To further improve the speed of processing, the “Batch” processing feature of JDBC may be used to batch N number of inserts instead of doing them one at a time. The “Batch” processing feature may also be used for mass updates and deletes. If an error occurs while inserting data into the DGTT 440, error processing can take place solely on the DGTT 440, leaving the target table 450 untouched. If no errors are encountered, a commit statement can be used to save the rows of data in the DGTT 440. Work (e.g., calculations and sorting) can be performed on the DGTT 440 in isolation of the target table 450.

The data in the DGTT 440 may be used to perform any necessary SQL inserts, updates, and deletes on the target table 450. Since these operations take place on the target table 450, transaction logging does occur. However, since most of the work is performed on the server, there is minimal network traffic.

If an error occurs while modifying the target table 450 using data from the DGTT 440, the modifications can be re-tried after a predefined period of time. This re-trying can be performed periodically until a success results since the DGTT 440 retains its copy of the data. Any necessary post-processing (i.e., fire off application event/trigger) can also be performed. When all the desired changes to the target table 450 have been made, the changes can be committed.
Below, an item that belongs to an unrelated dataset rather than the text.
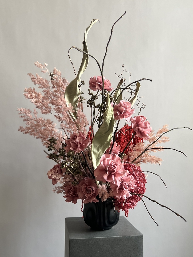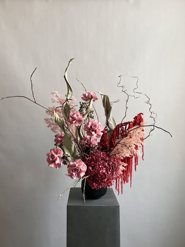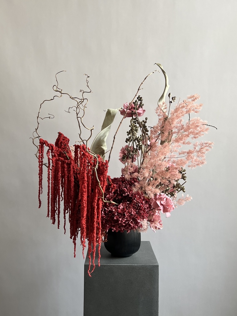 Состав: гортензия стабилизированная, стрелиция, аспарагус стабилизированный, зомби фрукт плоды, корилус, амарант стабилизированный, розы стабилизированные, кашпо керамическое

When the DGTT 440 is no longer of any use, it can be dropped from the database 430.

FIG. 5 illustrates a process of inserting data into a database table according to an exemplary embodiment of the present invention. Referring to FIG. 5, initially an EMPLOYEE table has five column headings and four rows of data 505. A first SQL statement is then executed 515 and employees “Bill Smith” and “Dan Williams” are inserted as two rows of data into the DGTT 520. Next a second SQL statement is executed 525 and the rows of data from the DGTT are inserted into the EMPLOYEE table 530.

FIG. 6 illustrates a process of updating data of a database table according to an exemplary embodiment of the present invention. Referring to FIG. 6, initially an EMPLOYEE table has five column headings and four rows of data 605. A DGTT is created as a blank copy of the employee table 610. A first SQL statement is then executed 615 and revised data for the title of two existing employees is inserted as two rows of data into the DGTT 620. Next a second SQL statement is executed 625 and the title of the two employees in the EMPLOYEE table is updates with the data from the DGTT 630.

FIG. 7 illustrates a process of deleting data from a database table according to an exemplary embodiment of the present invention. Referring to FIG. 7, initially an EMPLOYEE table has five column headings and four rows of data 605. A DGTT is created as a blank copy of the employee table 610. A first SQL statement is then executed 615 and revised data regarding the employment status of two employee is inserted as two rows of data into the DGTT 620. Next a second SQL statement is executed 625 and the two employees which match those listed as “fired” are deleted from the EMPLOYEE table in the DGTT 630.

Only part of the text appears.